I saw this letter in the OC Register and wanted to share what one particular OC Realtor thinks of Gary Watts.
—————————————————————————-
We’re in the eye of the subprime storm
It is disingenuous of Mission Viejo real estate economist Gary Watts to say he didn’t foresee the subprime mortgage meltdown ["More loan money ahead, Watts says," Marketplace, Oct. 16.]It was brought to his attention last year at the OCAR Broker’s Forum.
The use of subprime mortgage loans began to take hold in 2004 and increased in 2005 as fixed rates started to increase. Now, two years later as the teaser rates adjust up dramatically, we are in the eye of the storm. The backside of the storm will hit in 2008 when the mass of subprimes that were sold in 2006 begin to adjust.
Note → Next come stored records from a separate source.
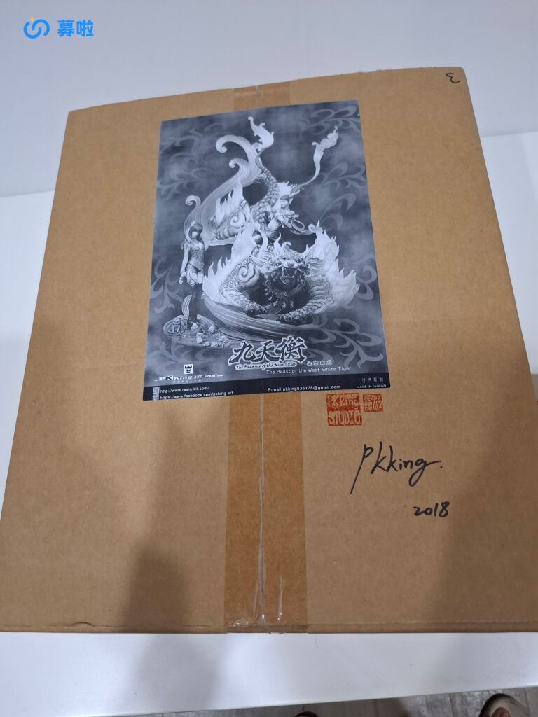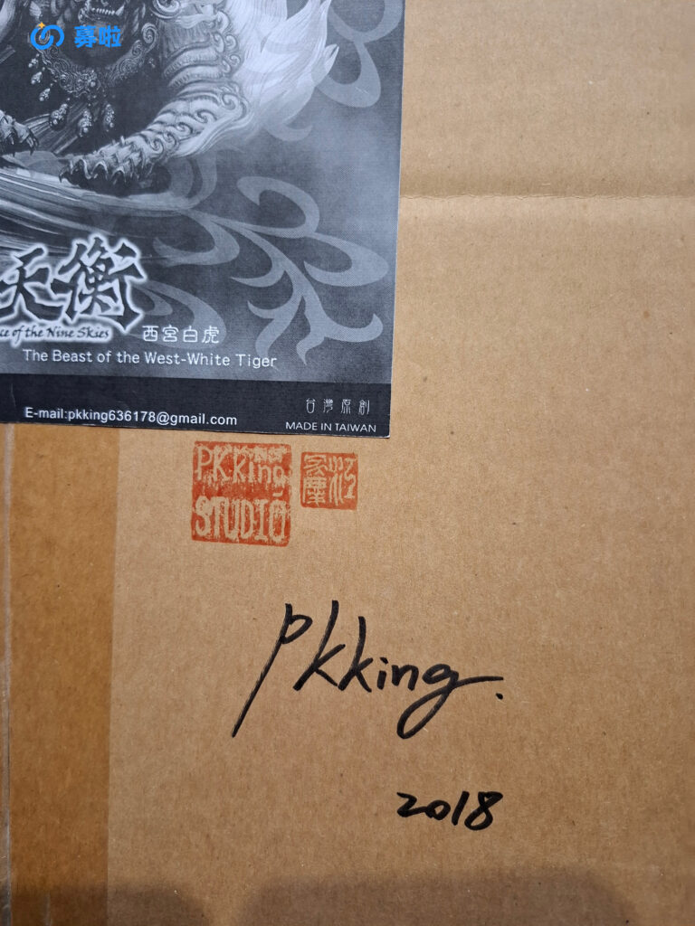 近看可以看到紅印章「PKKing Studio」與親筆簽名,這樣的細節讓整個包裝多了份收藏價值。不只是模型,更像是一件雕塑作品,從外盒就開始說故事。
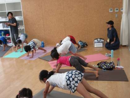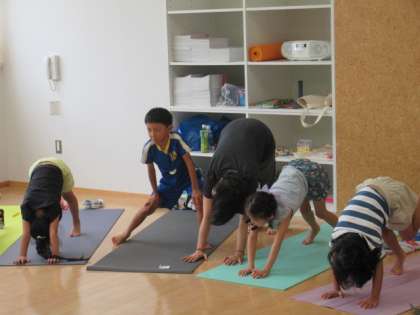 キッズヨガでは、動物の姿勢をとっていて、「ネコ」と言うと
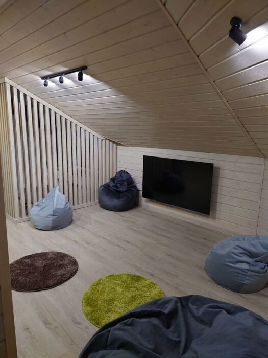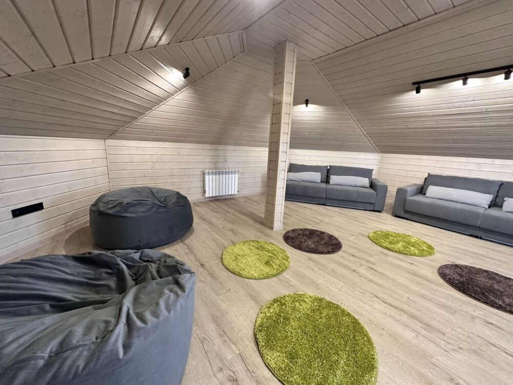 За дополнительную плату (1500 р./сутки за человека) возможно дополнительно разместить до 16 человек на мансардном этаже на больших мягких диванах и на втором этаже бани.
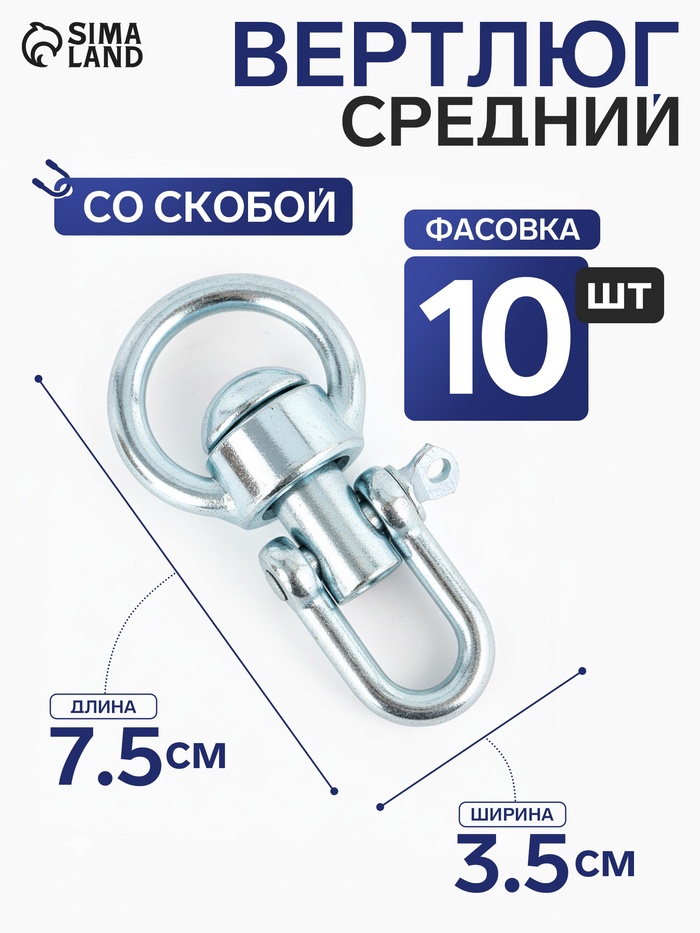 Вертлюг со скобой, средний (длина-7.5 см, ширина-3.5 см), 10 шт.

Those 2006 loans were made with even more reduced verification of the three requirements for a loan: credit, assets and income. Thrown in was the overvaluation of homes. That was and still is a guaranteed recipe for disaster that Watts ignores as he panders to the Pollyanna Realtors of Orange County.
(Name Withheld)
Realtor
And here’s an interesting tidbit heard on the street today. I know some folks in the stuff business who have their property under contract, they were going to close in 90 days, until their buyer got a frantic call from the mortgage broker that they have to close by November 1, because interest rates are going up!! LMAO, even if the FED cuts, it makes NO difference in the mortgage rate and people just don’t seem to get it.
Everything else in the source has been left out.